Generally, master images are created at a higher quality than is possible (because of bandwidth or format limitations) or desirable (for reasons of security, data integrity, or rights protection) to deliver to end users, and access images are derived from master files through compression. All access files should be associated with appropriate metadata and incorporated into the chosen preservation strategy, just as master files are. In fact, much of the metadata will be "inherited" from the master file. Almost all image collections are now delivered via the Web, and the most common access formats as of this writing are JPEG and GIF. Most Web browsers support these formats, so users are not required to download additional viewing or decompression software. Each institution will need to determine what quality of access image is acceptable for its various classes of users and measure this decision against the cost in resources for image creation, delivery, and storage.

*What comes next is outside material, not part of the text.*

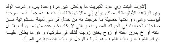 الكتاب صادم و الفصل بتاع جرائم الشرف صدمني لدرجة إني احتجت أسمع السيمفونية الخامسة لبيتهوفن تلات مرات و سيمفونية العرافة لعمر خيرت كمان عشان أفوق و أهدأ..
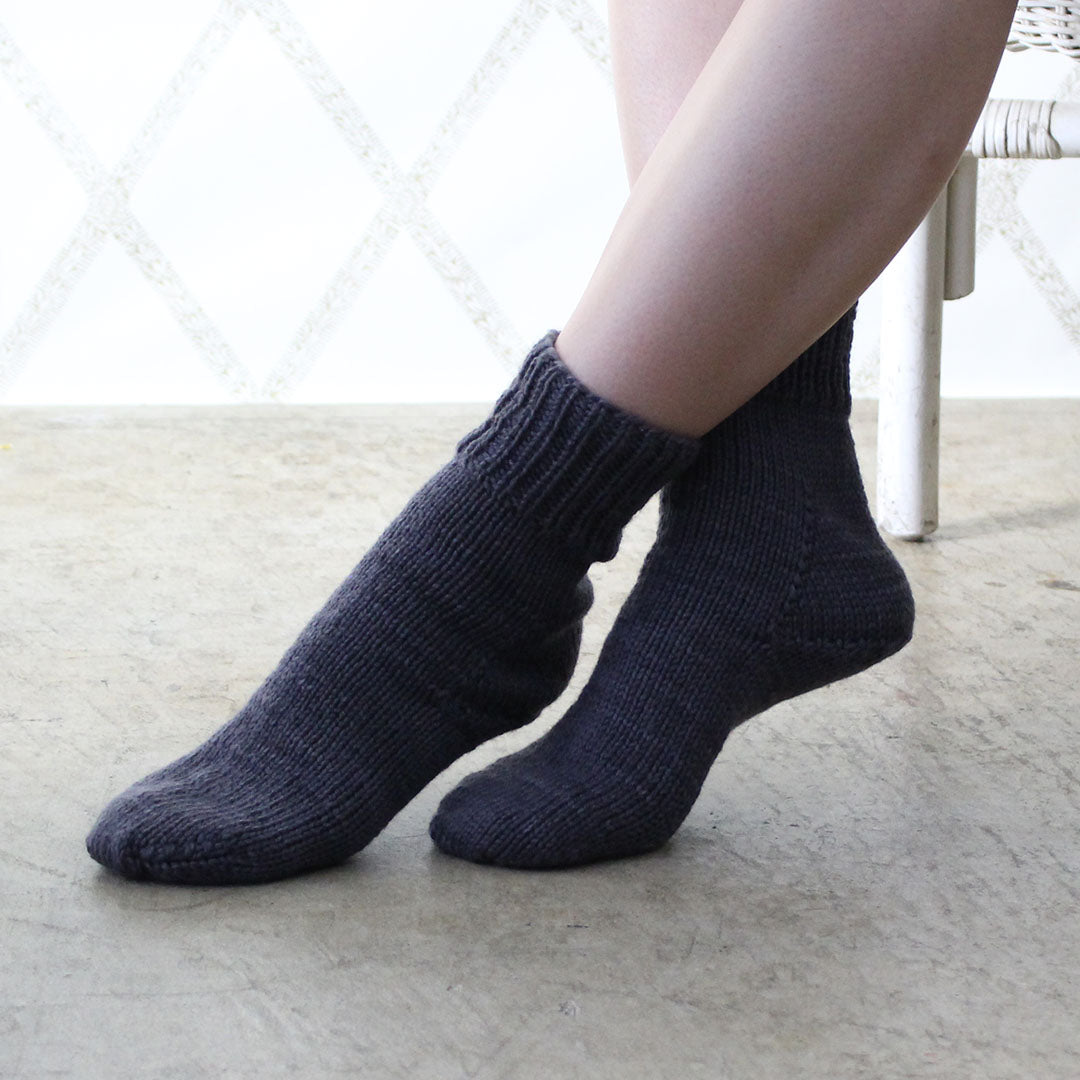 最終章Chapter6は、メリヤス編みのソックスのキットです。はじめてのソックス編みにおすすめのシンプルなパターンではありますが、長めのリブとゆったりしたかかとの履きやすいデザインに仕上がりました。

Web-based distribution using browser-supported file formats is the most common and broadly accessible way of distributing images, but it does impose certain limitations, especially if there is a desire to offer higher-quality, and therefore larger, images. For instance, delivering images to users accessing the Internet through a 56 Kbps modem will necessitate small (highly compressed) images to prevent those users' systems becoming overburdened. The general adoption and support of more efficient compression formats (see File Formats) and a wider adoption of broadband technology may go a long way toward remedying this situation. In the meantime, another option is to use a proprietary form of compression that requires special decompression software at the user's workstation. An example of such a compression system is MrSID, which, like JPEG2000, uses wavelet compression and can be used to display high-quality images over the Internet. However, the usual caution that applies to proprietary technology should be applied here: legal and longevity issues may emerge.

Another strategy is to provide smaller compressed images over the Web or some other Internet-based file exchange method but then require users to go to a specific site, such as the physical home of the host institution, to view higher-quality images either over an intranet or on optical media such as a CD- or DVD-ROM. This option may be a useful stopgap solution, providing at least limited access to higher-quality images. There may be other reasons for offering images and metadata on optical or other media besides (or instead of) over the Web, such as restricted Internet access in certain countries.